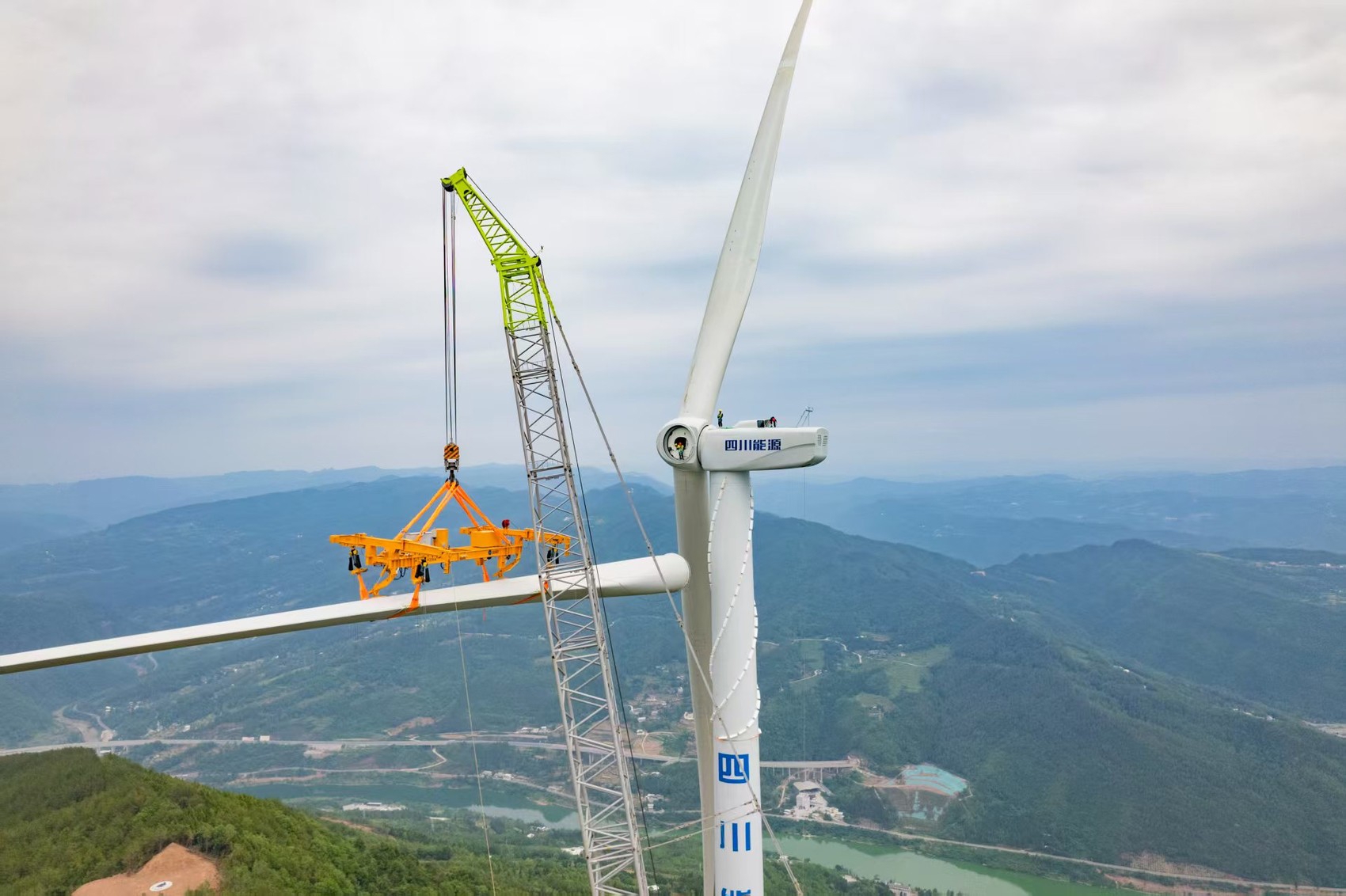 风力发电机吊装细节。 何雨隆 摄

::::

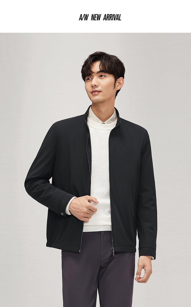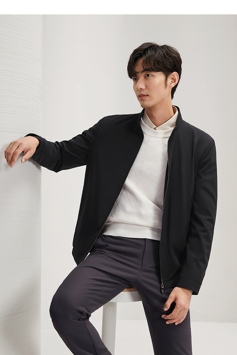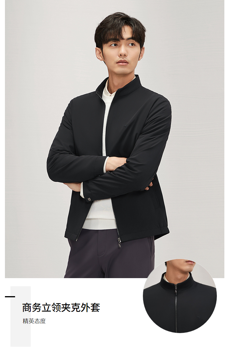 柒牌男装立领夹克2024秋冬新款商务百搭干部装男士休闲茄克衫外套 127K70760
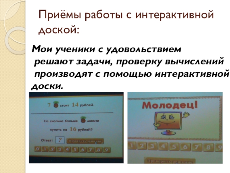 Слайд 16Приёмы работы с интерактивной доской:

::::

### What the task asks
Using the data above, set down each line from the line with "柒牌男装立领夹克2024秋冬" to the line with "Слайд 16Приёмы работы" exactly, both ends included, and leave the pictures behind. Nothing else belongs.

### Answer to the exercise
 柒牌男装立领夹克2024秋冬新款商务百搭干部装男士休闲茄克衫外套 127K70760
 Слайд 16Приёмы работы с интерактивной доской:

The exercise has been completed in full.